Wednesday, August 12, 2009

Four days, Part 2

As I trumped down the stairs in sweats and a T-shirt my son called me selfish because I haven’t done his laundry in over a year. The barb he threw did not sting as I added up all the time I had gotten to keep for myself by avoiding his boxers and other regalia. The moment my children became teenagers I stopped testing hidden corners for colorfastness and abandoned all aspirations of keeping their whites whiter than bright. Why did I do this? I guess because my Mom kicked doing my laundry to the curb when I turned 13. She said: “I did it from 0 to 13 the rest is up to you. Read the label of your clothes, read the bottle of detergent live long and prosper.” So when my son called me selfish, I offered him the Vulcan hand salutation, at least I think it was that or perhaps it was the LA Crips greeting. Despite his frustration, he kissed me on the cheek and whispered in my ear. “Mom you are such a nerd.”

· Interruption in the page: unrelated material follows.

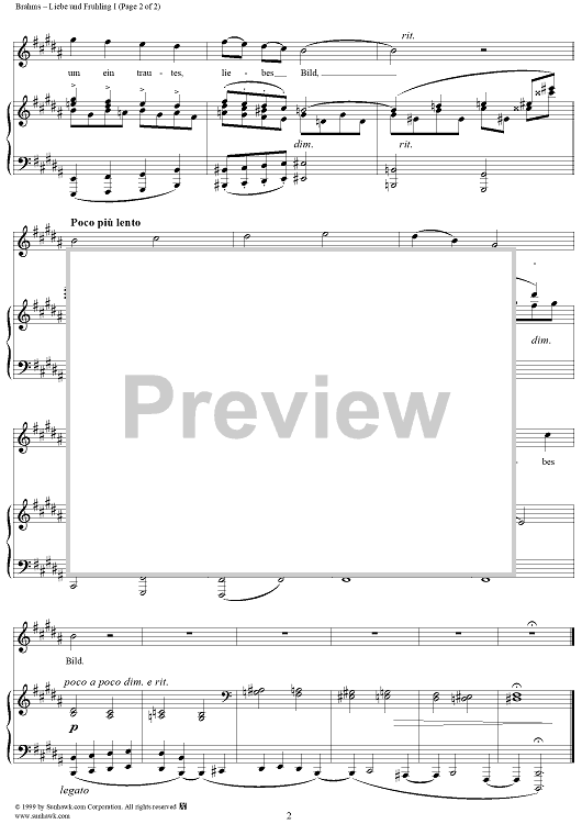 Digital Sheet Music for Liebe und Frühling I - From "Six Songs" op. 3, no. 2 by Johannes Brahms, August Heinrich Hoffmann von Fallersleben scored for Voice/Piano; id:274383

So I did the greeting right after all, but nerd? Sure I have seen every version and every episode of Star Trek but nerd? Yes, I have been to Comic-Con more than once. Had being a nerd callused my husband's sensitivity? I will under enhanced interrogation admit that I have a sexy red Uhura uniform in my closet but I didn’t think the kids knew that. I shudder to think they have seen my husband and me going where no one has gone before but nerd? The more I thought about it the more I had to face the truth. I remember being courted by my husband and watching his hopes fade with every 7Eleven bouquet gave to me. (It was college; he was broke) Did he really think that would get him closer to the promised land? Then one night after going out for a couple of months he showed up at my door with a signed copy of Ursula K. LeGuin's the Left Hand Of Darkness. Insert medieval montage here: (drawbridge lowering, iron gates swinging open, ten stout men lifting beam of wood from across door) The rest as they say is history.

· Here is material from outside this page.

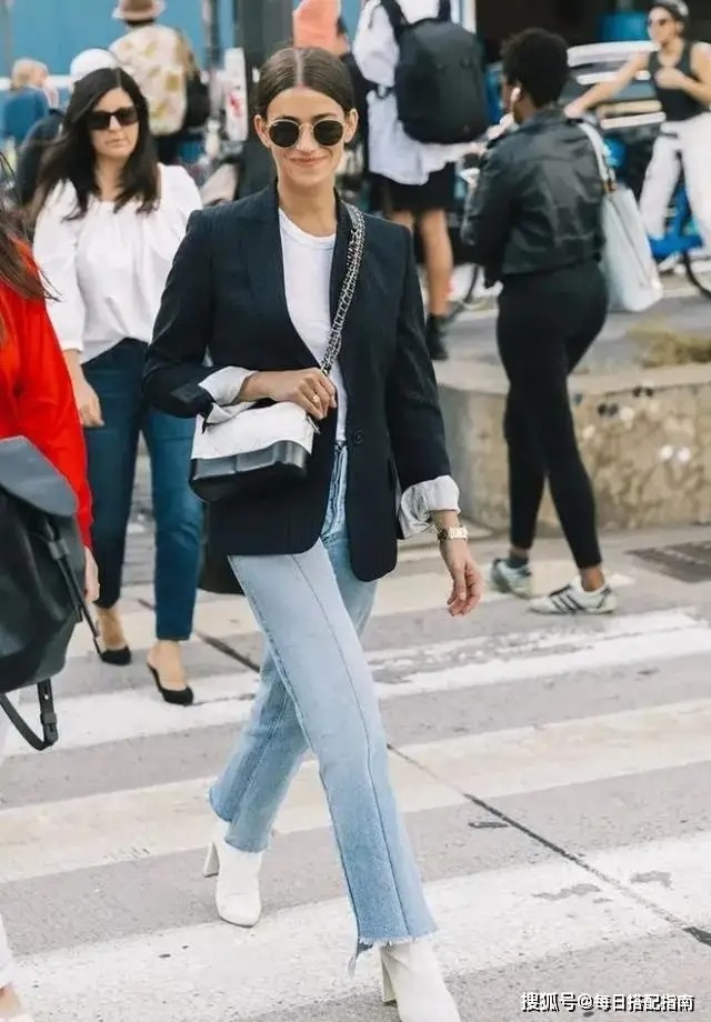 浅蓝色的直筒牛仔裤设计是比较简单的,牛仔元素相对比较硬朗,也很百搭,还很经典。在搭配的过程当中可以遵循简洁的原则,展现出一种春日的活力,同时又不失气质。上半身搭配一件白色的t恤以及条纹款式的西装,很有气场,既潇洒又完美地展现出了身材的曲线。

Later that day I asked my daughter if I was a nerd and she said, “Of course you are, Mom.” It’s not that I mind being thought of that way but I always fancied myself in the know, well at least a tiny bit. On a whim I challenged my daughter to Un-nerd me and take me shopping. So off we went to the mall while the men folk grunted and grilled. She wanted to shop on The Magnificent Mile but rather than Neiman Marcus I was thinking Kohls. Although I relented a little and we did stop for a cosmetic touch up at the make-up counter. Now sufficiently dolled up, my daughter preceded to pour me into too tight clothes that rode too low and pinched my crotch like the Marquis De Sade. “Oh , Mom you look so hot!” All I could see was my mature body stuffed in these hellish garments like a sausage. I turned and turned in the mirror sure that my butt crack was exposed despite my daughters assurance that I was decent and that if I bent over all anyone could see was my whale tale. A few more bangles and we left the mall; my daughter insisted I wear the outfit home to show her father. I relented but thought no way as I slid into the driver seat and thought I would pop a kidney when I sat down, and darn that Marquis he seemed to like me sitting better than standing.

As we walked through the door my son’s jaw dropped my husband looked up from the TV and said… well I can’t repeat what he said. While my daughter bragged and gushed my husband looked pale which is quite a feat for a black man. All I could say was “Do I look like a nerd?” He smiled and said, “No, more like a friend of Hanna Montana.” We both laughed and he yelled out “Kids go over to Uno’s and pick up a veggie pizza for dinner. I asked, "What about the ribs for you guys"? He said we could eat those later. The kids cheered grabbed the car keys and bolted for the door. I headed toward the stairs and my honey said wait! As he followed me he said we could put this outfit next to the Star Trek one. I said maybe and hoped that my whale tail was showing as we walked up the stairs.
_________________________________________________________________________________ Camile Ryerson is our regular contributing writer. Her column appears every Wednesday. Read her views on politics, world affairs, pop culture and of course, what she's reading. Her favorite genre is sci-fi.


tanita✿davis said...


Whoa. The man was serious.

Tarie Sabido said...

I love your family, Camile. :o)

evelyn.n.alfred said...

I secretly (or not so secretly) enjoy being called a nerd.